We have to dissect this claim further because the article gives little to no quantitative evidence to their statement. We are told that coffee drinkers have a lower risk of death. I’m going to give a more believable argument based on this idea: Countries with higher coffee consumption have a greater life expectancy. This revised claim is justifiable through data and is more specific. Personally, I would think that coffee consumption would have a negative correlation with life expectancy. You often think of people who drink coffee in excess are trying to compensate for something in regards to their energy. Natural energy results from getting good sleep, eating well, and reducing stress. If this natural energy isn’t there, then people usually resort to caffeine. Not having a good sleep schedule, or being really stressed out will certainly decrease your life expectancy if that pattern continues after a long period of time. I’m interested in dissecting the claim of the article mentioned further.

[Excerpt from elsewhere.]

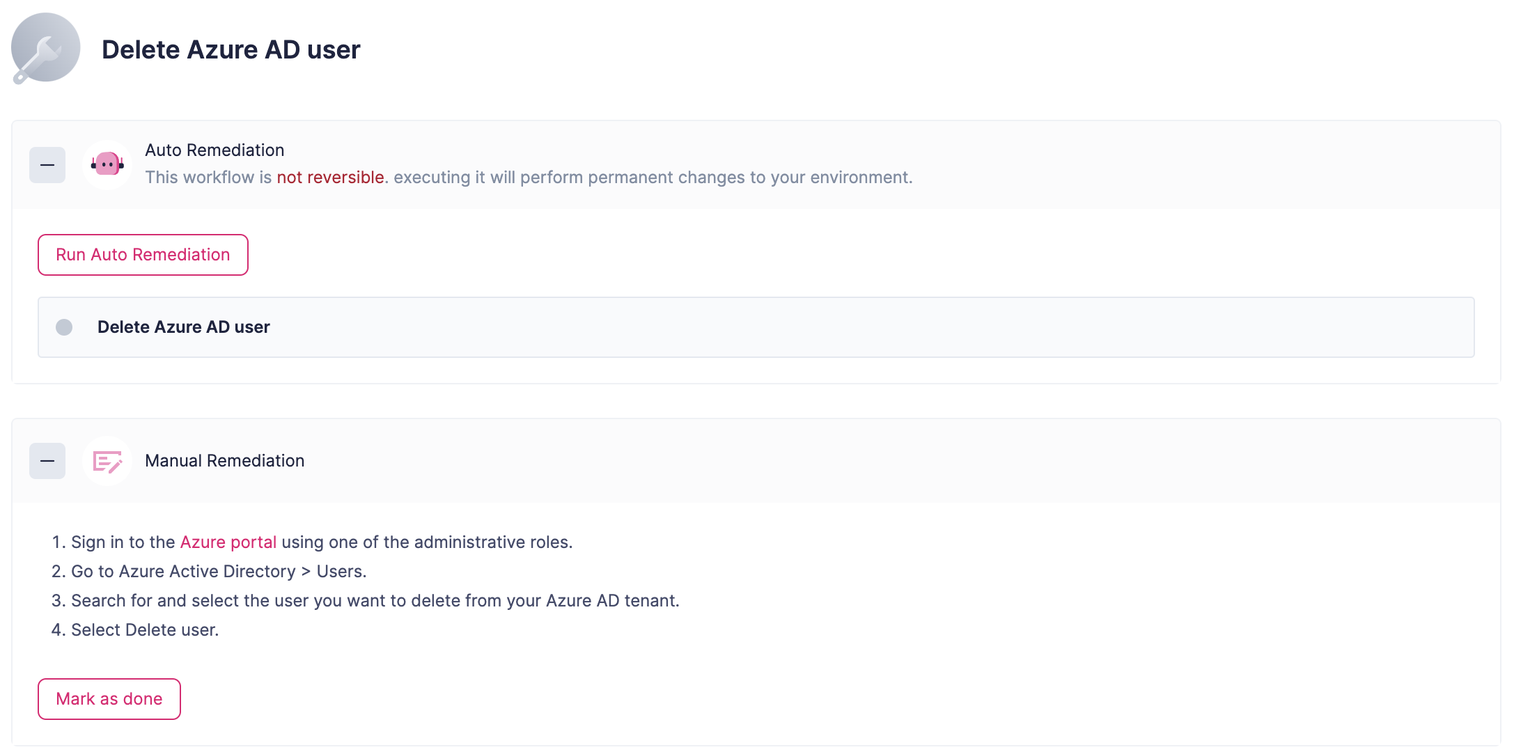 By Clicking an issue, we can see the full information, including its Identity storyline as well as potential remediations (that can be applied automatically from Rezonate or externally)

I found two datasets on Kaggle to help this process along one on life expectancy, and one on coffee consumption, both according to country.

Life Expectancy:

Coffee Consumption:

From here we can further attempt to justify the claim made by the article. I did a deep dive into the coffee dataset to understand which countries had the highest percentage of consumption. From these, we see that Brazil, Indonesia, Columbia, Ethiopia, Guatemala, Honduras, India, Mexico, Uganda, and Vietnam all possess the highest consumption rates.

From this chart, we can see that Brazil has the largest percentage of consumption and the others are not far behind. But, does this statistic correlate to the average life expectancy of each of these countries respectively?

Red line = Average Life Expectancy

This chart above shows us the life expectancy of a person residing in each of the countries expressed in the line graph from before. We can see from the red line above that most of these countries have a life expectancy below the average. This means that the author’s claim of coffee consumption is correlated with a lower risk of death is false. We have to bring in so many more factors to understand this relationship more in depth.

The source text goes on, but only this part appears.